> ASSIGNED TASK:
A verbatim copy of the records is required, with all pictures left out.

(Collected data entries)
--------------------
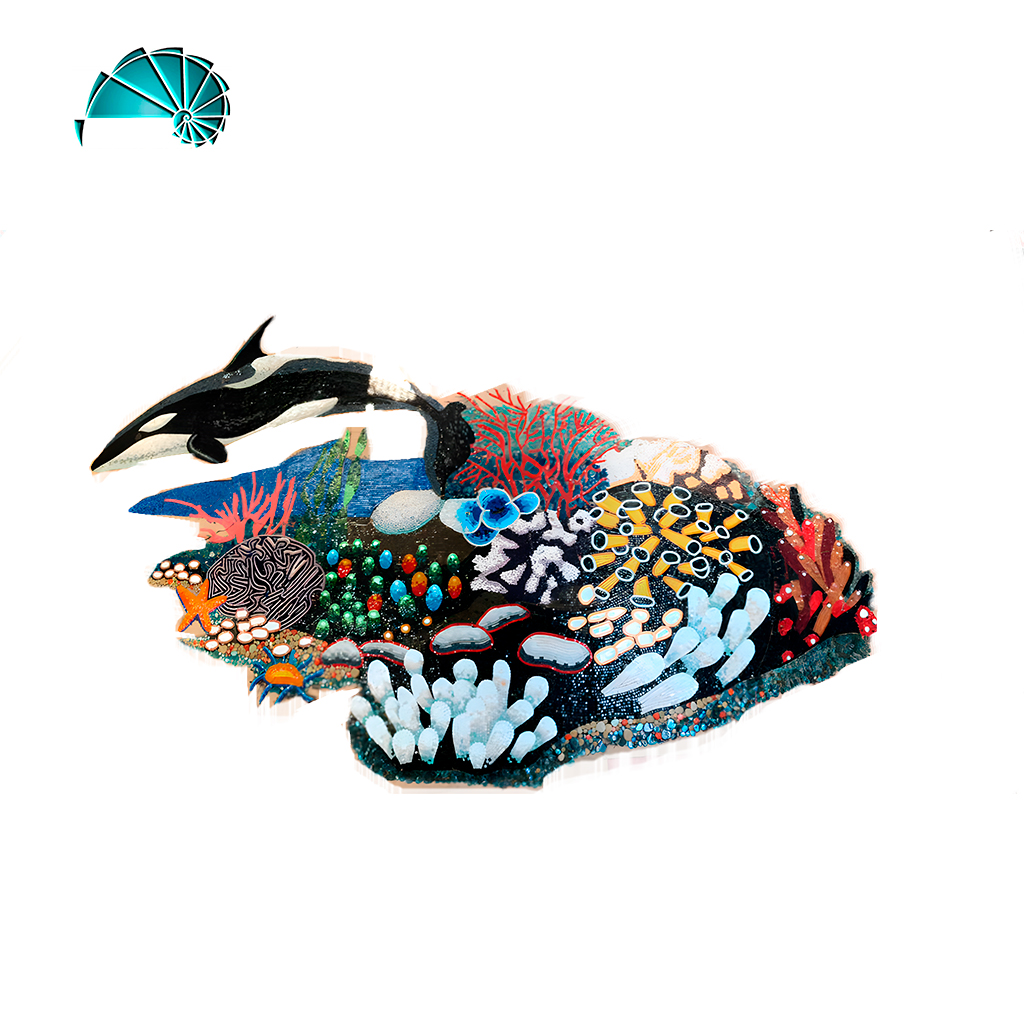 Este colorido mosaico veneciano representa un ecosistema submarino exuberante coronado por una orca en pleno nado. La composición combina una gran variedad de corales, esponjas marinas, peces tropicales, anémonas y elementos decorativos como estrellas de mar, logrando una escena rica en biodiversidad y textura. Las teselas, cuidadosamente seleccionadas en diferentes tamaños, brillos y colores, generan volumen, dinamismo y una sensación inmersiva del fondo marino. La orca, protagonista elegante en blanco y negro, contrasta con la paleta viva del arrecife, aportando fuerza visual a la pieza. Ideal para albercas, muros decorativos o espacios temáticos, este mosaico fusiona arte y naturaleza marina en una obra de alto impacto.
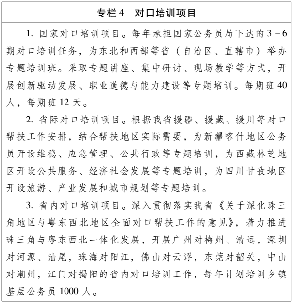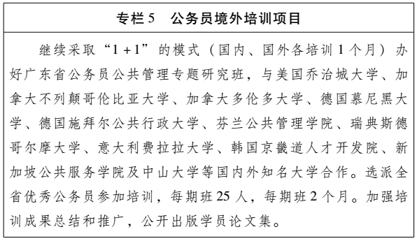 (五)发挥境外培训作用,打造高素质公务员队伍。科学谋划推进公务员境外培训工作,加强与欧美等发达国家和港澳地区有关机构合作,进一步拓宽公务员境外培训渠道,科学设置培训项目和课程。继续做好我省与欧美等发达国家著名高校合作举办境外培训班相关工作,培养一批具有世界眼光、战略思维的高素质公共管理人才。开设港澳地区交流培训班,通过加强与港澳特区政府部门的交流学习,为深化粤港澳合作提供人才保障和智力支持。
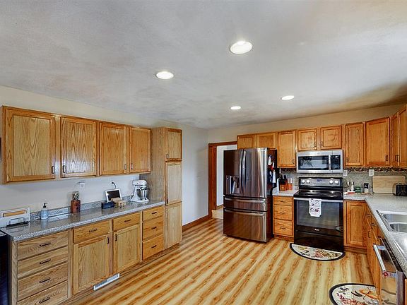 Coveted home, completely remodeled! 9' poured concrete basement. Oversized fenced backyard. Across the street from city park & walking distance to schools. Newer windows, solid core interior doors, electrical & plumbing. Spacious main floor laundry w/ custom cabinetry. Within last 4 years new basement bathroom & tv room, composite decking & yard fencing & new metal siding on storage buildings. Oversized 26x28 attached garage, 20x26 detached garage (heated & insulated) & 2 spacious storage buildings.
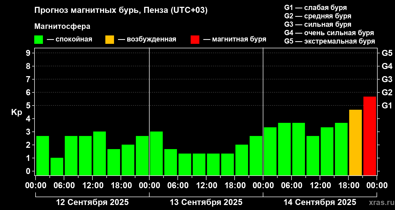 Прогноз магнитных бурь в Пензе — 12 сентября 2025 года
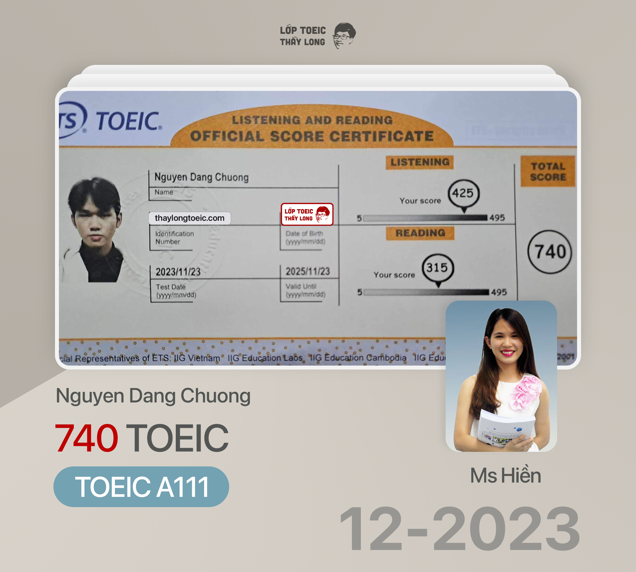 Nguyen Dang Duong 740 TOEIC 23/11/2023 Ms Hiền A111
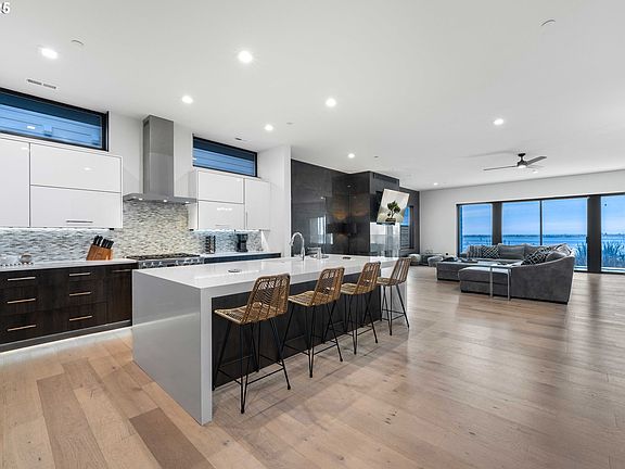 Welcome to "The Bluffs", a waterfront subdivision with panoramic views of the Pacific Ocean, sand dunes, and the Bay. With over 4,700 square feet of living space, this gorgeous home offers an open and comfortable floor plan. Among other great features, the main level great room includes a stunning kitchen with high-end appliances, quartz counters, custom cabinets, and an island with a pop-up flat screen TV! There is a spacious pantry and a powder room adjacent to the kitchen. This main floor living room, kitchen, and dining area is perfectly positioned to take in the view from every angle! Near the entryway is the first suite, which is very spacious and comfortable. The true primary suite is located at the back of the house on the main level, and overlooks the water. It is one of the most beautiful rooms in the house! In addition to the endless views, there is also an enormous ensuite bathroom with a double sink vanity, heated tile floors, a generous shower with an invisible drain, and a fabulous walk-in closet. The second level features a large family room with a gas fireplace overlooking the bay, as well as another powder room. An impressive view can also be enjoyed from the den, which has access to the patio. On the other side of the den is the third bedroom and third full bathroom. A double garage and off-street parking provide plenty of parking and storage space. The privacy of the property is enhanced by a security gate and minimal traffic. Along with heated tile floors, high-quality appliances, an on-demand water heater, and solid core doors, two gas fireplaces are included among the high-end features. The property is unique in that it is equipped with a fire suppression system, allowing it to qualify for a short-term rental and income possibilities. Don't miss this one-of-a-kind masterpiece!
--------------------
> WORKED SOLUTION:
 Este colorido mosaico veneciano representa un ecosistema submarino exuberante coronado por una orca en pleno nado. La composición combina una gran variedad de corales, esponjas marinas, peces tropicales, anémonas y elementos decorativos como estrellas de mar, logrando una escena rica en biodiversidad y textura. Las teselas, cuidadosamente seleccionadas en diferentes tamaños, brillos y colores, generan volumen, dinamismo y una sensación inmersiva del fondo marino. La orca, protagonista elegante en blanco y negro, contrasta con la paleta viva del arrecife, aportando fuerza visual a la pieza. Ideal para albercas, muros decorativos o espacios temáticos, este mosaico fusiona arte y naturaleza marina en una obra de alto impacto.
 (五)发挥境外培训作用,打造高素质公务员队伍。科学谋划推进公务员境外培训工作,加强与欧美等发达国家和港澳地区有关机构合作,进一步拓宽公务员境外培训渠道,科学设置培训项目和课程。继续做好我省与欧美等发达国家著名高校合作举办境外培训班相关工作,培养一批具有世界眼光、战略思维的高素质公共管理人才。开设港澳地区交流培训班,通过加强与港澳特区政府部门的交流学习,为深化粤港澳合作提供人才保障和智力支持。
 Coveted home, completely remodeled! 9' poured concrete basement. Oversized fenced backyard. Across the street from city park & walking distance to schools. Newer windows, solid core interior doors, electrical & plumbing. Spacious main floor laundry w/ custom cabinetry. Within last 4 years new basement bathroom & tv room, composite decking & yard fencing & new metal siding on storage buildings. Oversized 26x28 attached garage, 20x26 detached garage (heated & insulated) & 2 spacious storage buildings.
 Прогноз магнитных бурь в Пензе — 12 сентября 2025 года
 Nguyen Dang Duong 740 TOEIC 23/11/2023 Ms Hiền A111
 Welcome to "The Bluffs", a waterfront subdivision with panoramic views of the Pacific Ocean, sand dunes, and the Bay. With over 4,700 square feet of living space, this gorgeous home offers an open and comfortable floor plan. Among other great features, the main level great room includes a stunning kitchen with high-end appliances, quartz counters, custom cabinets, and an island with a pop-up flat screen TV! There is a spacious pantry and a powder room adjacent to the kitchen. This main floor living room, kitchen, and dining area is perfectly positioned to take in the view from every angle! Near the entryway is the first suite, which is very spacious and comfortable. The true primary suite is located at the back of the house on the main level, and overlooks the water. It is one of the most beautiful rooms in the house! In addition to the endless views, there is also an enormous ensuite bathroom with a double sink vanity, heated tile floors, a generous shower with an invisible drain, and a fabulous walk-in closet. The second level features a large family room with a gas fireplace overlooking the bay, as well as another powder room. An impressive view can also be enjoyed from the den, which has access to the patio. On the other side of the den is the third bedroom and third full bathroom. A double garage and off-street parking provide plenty of parking and storage space. The privacy of the property is enhanced by a security gate and minimal traffic. Along with heated tile floors, high-quality appliances, an on-demand water heater, and solid core doors, two gas fireplaces are included among the high-end features. The property is unique in that it is equipped with a fire suppression system, allowing it to qualify for a short-term rental and income possibilities. Don't miss this one-of-a-kind masterpiece!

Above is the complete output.